Isolation allowed a society to abandon a technology, as Japan did with guns in the 17th Century. No central European country could afford to do the same or they would have been overrun by their neighbors. Once the Japanese were forced into contact with the rest of the world in 1853, they immediately resumed the manufacture of guns.


The factors determining the differences in the development of technology are when food production began, the presence or lack of geographical barriers to diffusion, and population size. Eurasia and North Africa were the largest landmass with the largest number of competing societies and the fewest geographical barriers. Food production began there earliest. So Eurasia was where technology started earliest and spread most widely. The advantage of Eurasia was huge by 1492 by reason of geography not intellect.

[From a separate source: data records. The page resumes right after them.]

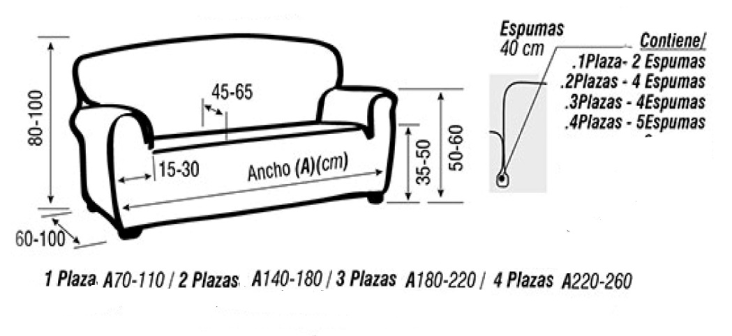 Disponible para sofás de 1, 2,3 y 4 plazas
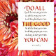 Um lembrete gentil, mas forte para "Faça o bem que puder, por todos os meios que puder; De todas as maneiras que puder, Em todos os lugares que puder, Em todas as ocasiões que puder, Para todas as pessoas que puder, o máximo que puder." Quer mudar o seu mundo? Isso vai fazer!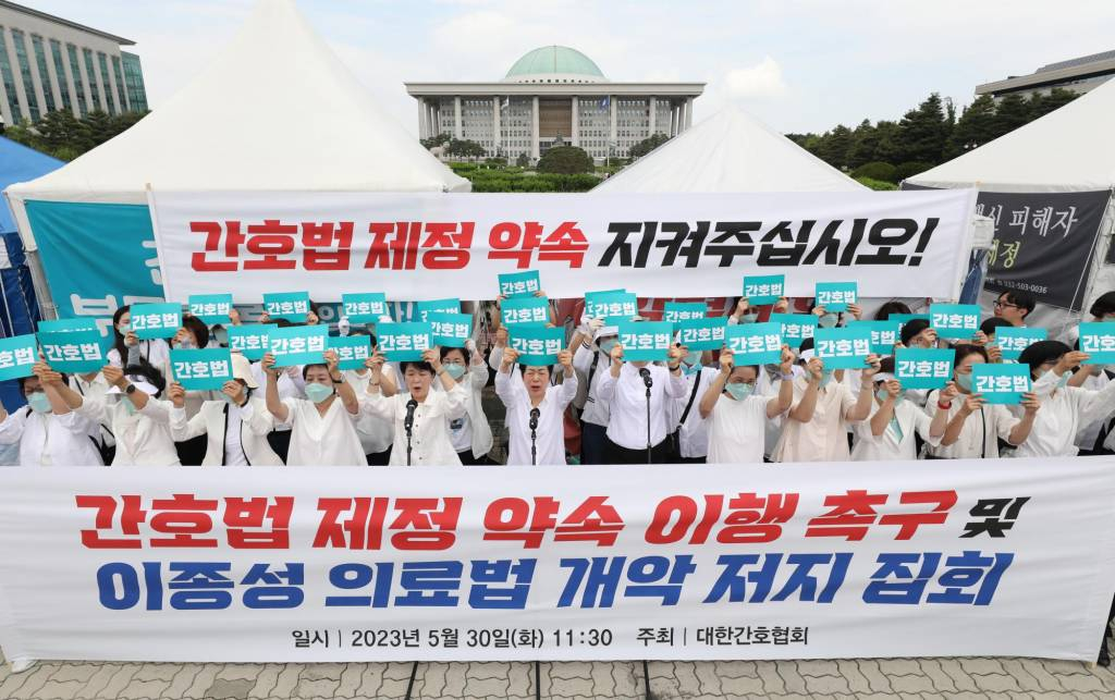 ![[서울=뉴시스] 김금보 기자 = 대한간호협회 회원들이 간호법 제정안 재표결일인 30일 서울 영등포구 국회의사당 정문 앞에서 '간호법 제정 약속 이행 촉구 및 이종성 의료법 개악 저지 집회'를 열고 구호를 외치고 있다. 2023.05.30.](https://thumb.mt.co.kr/cdn-cgi/image/f=avif/21/2023/05/2023053013300928680_1.jpg)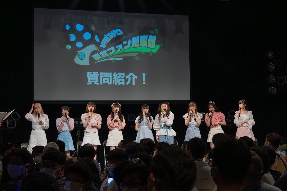 開演時刻となり、いぎなり東北産「負けないうた」に乗って、“夏のデート服”をコンセプトとした衣装に身を包んだ9人がステージに勢ぞろいする。なお本イベントは、彼女たち曰く、「普段のライブとは趣旨が異なる“お楽しみ会”的なイベント」とのこと。確かにステージ上の彼女たちも、ライブで見せる少し緊張したような面持ちではなく、リラックスした様子だった。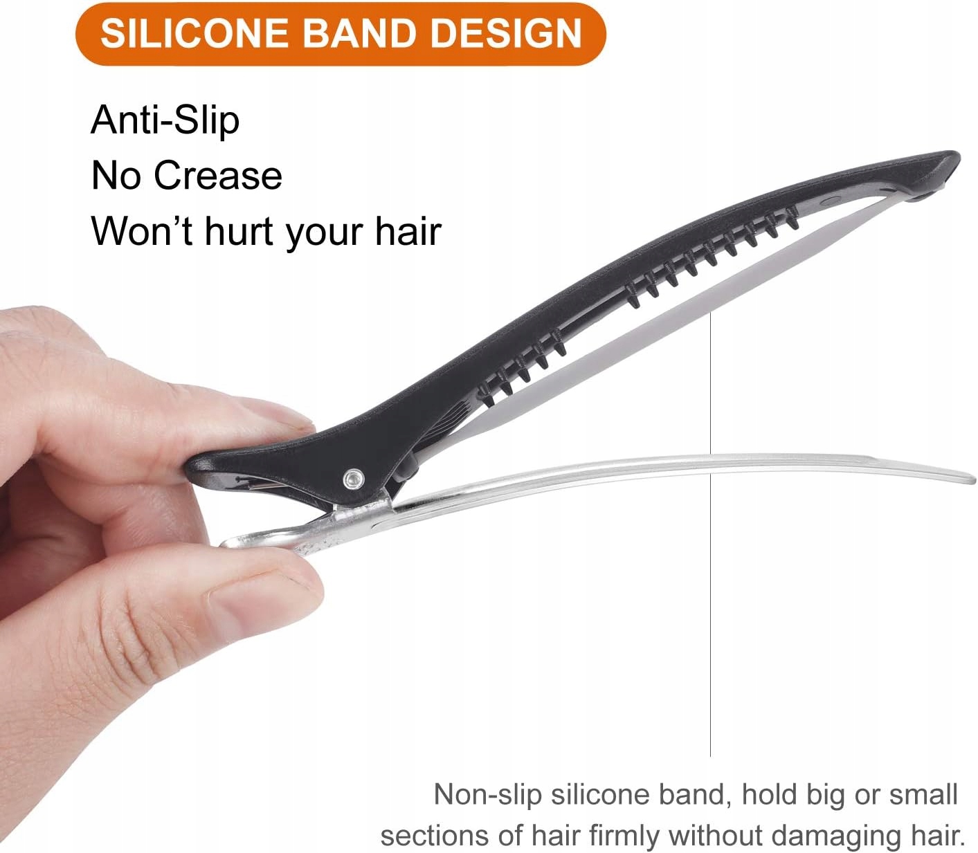 - ✔ 【Захист від ковзання】 - Завдяки силіконовій смузі наші затискачі для волосся не ковзають і міцно тримають великі чи маленькі ділянки волосся, не смикаючи. або пошкоджує волосся, незалежно від того, вологе воно чи сухе, що значно полегшує укладку.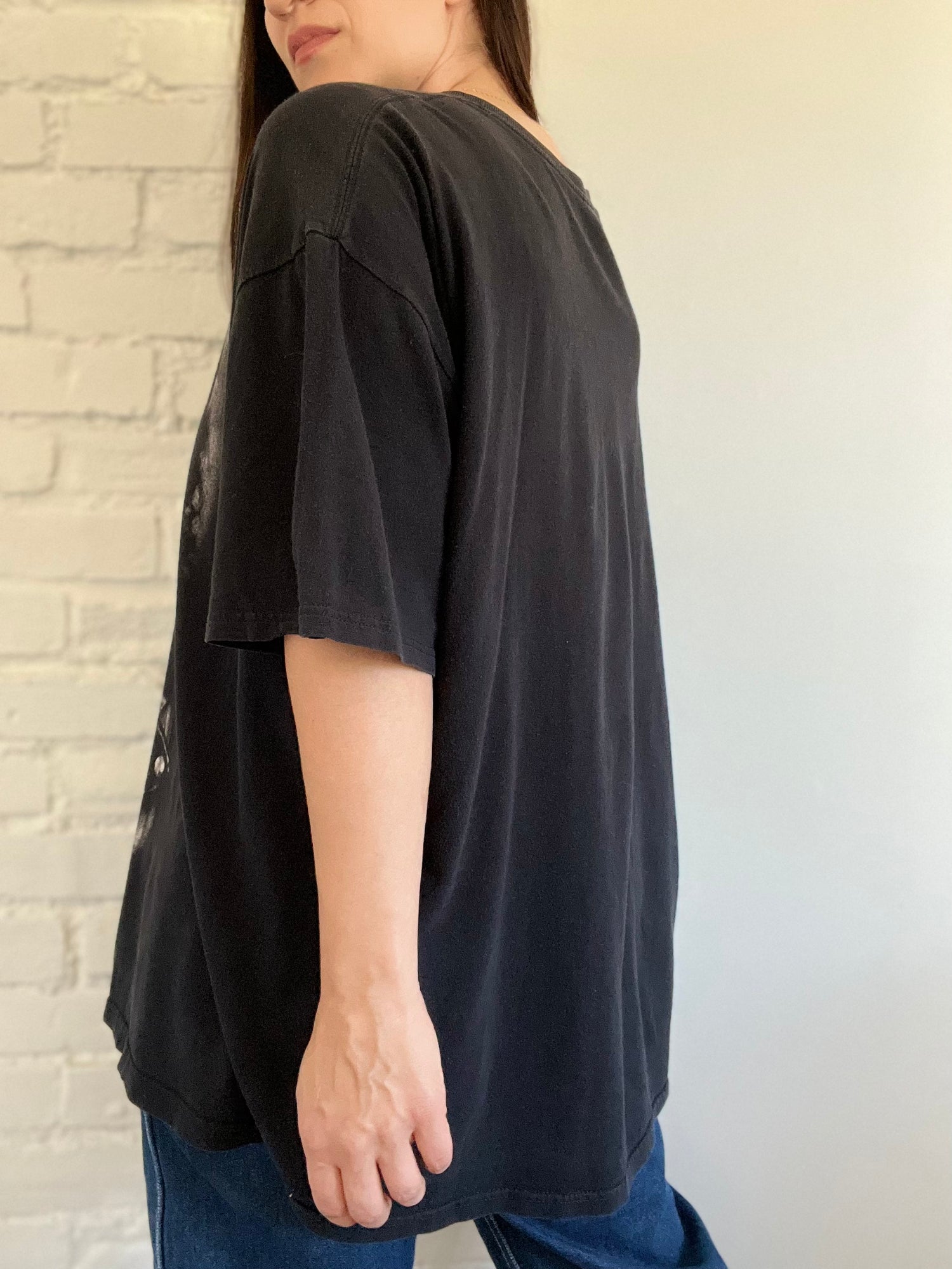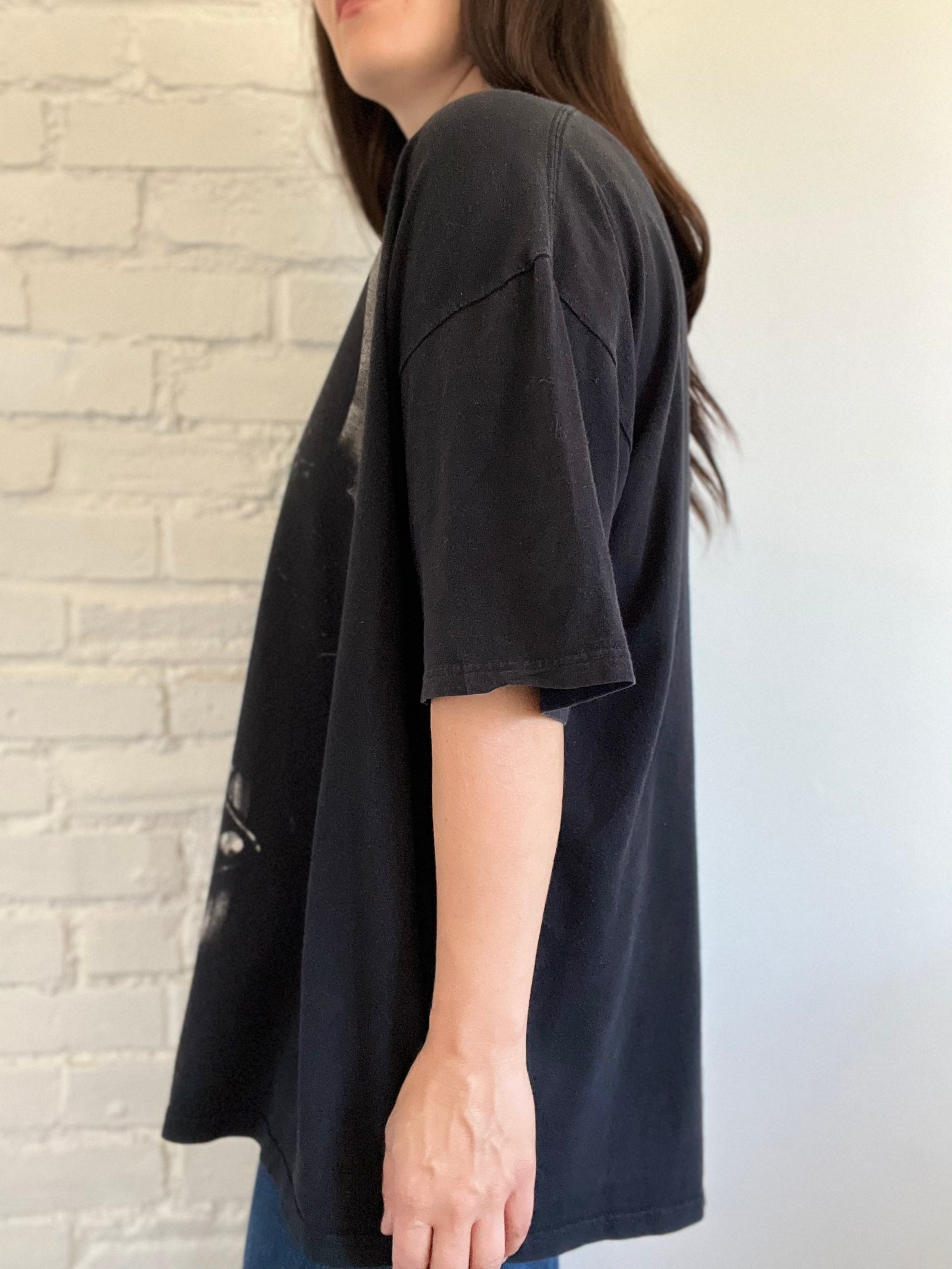 A 2004 Slash t-shirt with iconic face covering entire facing of the shirt. Black and white, and in mint condition without marks or flaws. Trademarked in bottom corner by Dik Hayd International LLC.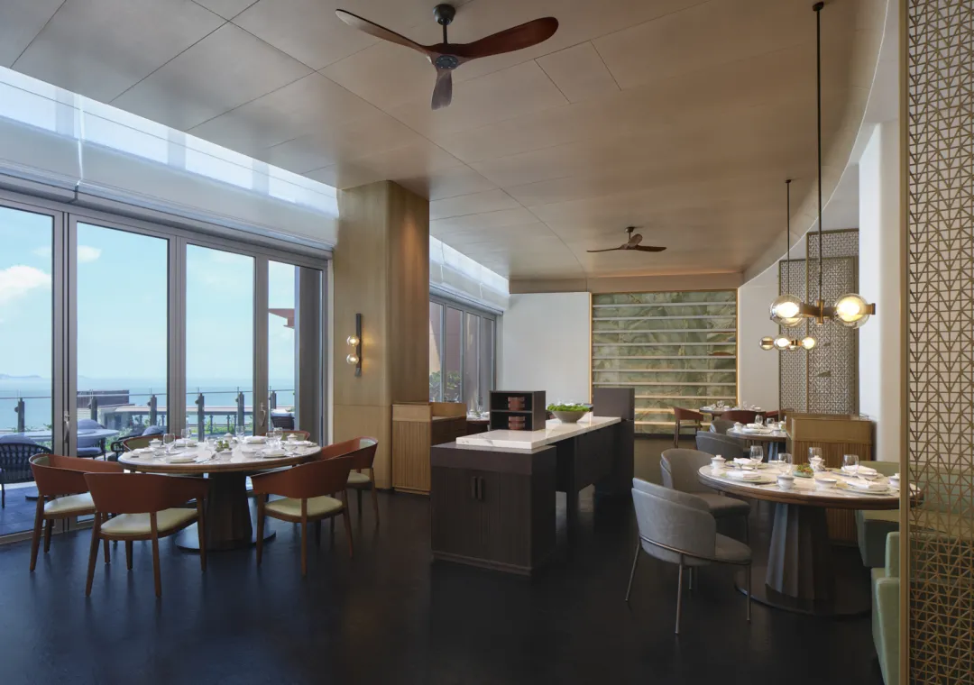 万豪中餐厅位于酒店一层,大厅将提供大约50个海景座位,3个独居特色风格的包房(1间海景房,2间山景房)。

The spread of governments and religions was linked throughout history, whether peaceful or not. Government organized, religion justified. The trend over 13,000 years was for nomads and tribes to lose. By 1500 AD, less than 20% of the world’s land area was marked into states run by bureaucrats and by laws. Today, with the exception of Antarctica, all land belongs to some state or other.

How did small groups of people get amalgamated into larger ones?

Some societies, no matter the size, were more successful than others and grew larger. Those with richer territory and better leaders grew more. As the density of population within a region increased, competition for land and resources between groups increased taking the form of aggression. Two groups merged together only when populations were dense enough that the weaker group had nowhere to go to escape. Sometimes small groups joined to fight a common enemy, other times a stronger society defeated a weaker one and incorporated it.

Attempts by anthropologists to define the developmental stages for societies are imprecise. Each stage grew out of the one before with the most dominant characteristics of one remaining in the next. However, a simple classification has been devised dividing political units into four classes, band, tribe, chiefdom, and state.

A band was the smallest society numbering in the dozens. Today autonomous bands exist only in remote regions lacking the necessary resources to support larger groups. Bands were egalitarian. Leadership was acquired through personal qualities and not passed through heredity. A tribe numbered in the hundreds but everyone still had personal links to everyone else. Relatives or clan leaders were available to solve problems between individuals. A “big man” had some special decision making powers, but lived like his neighbors and the position was not hereditary. When a tribe grew into the thousands it either split up or evolved into a chiefdom. The position of chief was hereditary. He and his family dressed differently from others, were exempt from food production, and had additional privileges as well as additional powers and responsibilities. Fully independent chiefdoms disappeared by the 20th Century because they tended to occupy prime territory. Some chiefdoms grew into complex societies with multiple classes, large public works, and massive amounts of tribute. States now rule all the land area of the globe. Population of a state would number more than 50,000. Levels of administration within the government grew more complex and specialized as population grew. More than simply chiefdoms on a larger scale, states diverged in new directions. Organization was based on political and territorial lines, not kinship. They were often multiethnic and multilingual. Bureaucrats had to be selected at least partly on ability and training rather than solely on kinship. In many modern states, leadership is not necessarily hereditary and in some the entire system of formal hereditary classes has been abandoned.

Although they sometimes broke up into smaller units (recently USSR, Yugoslavia) or decayed and were overrun by smaller simpler ones (Rome), over the past 13,000 years the predominant trend has been toward larger and more complex units.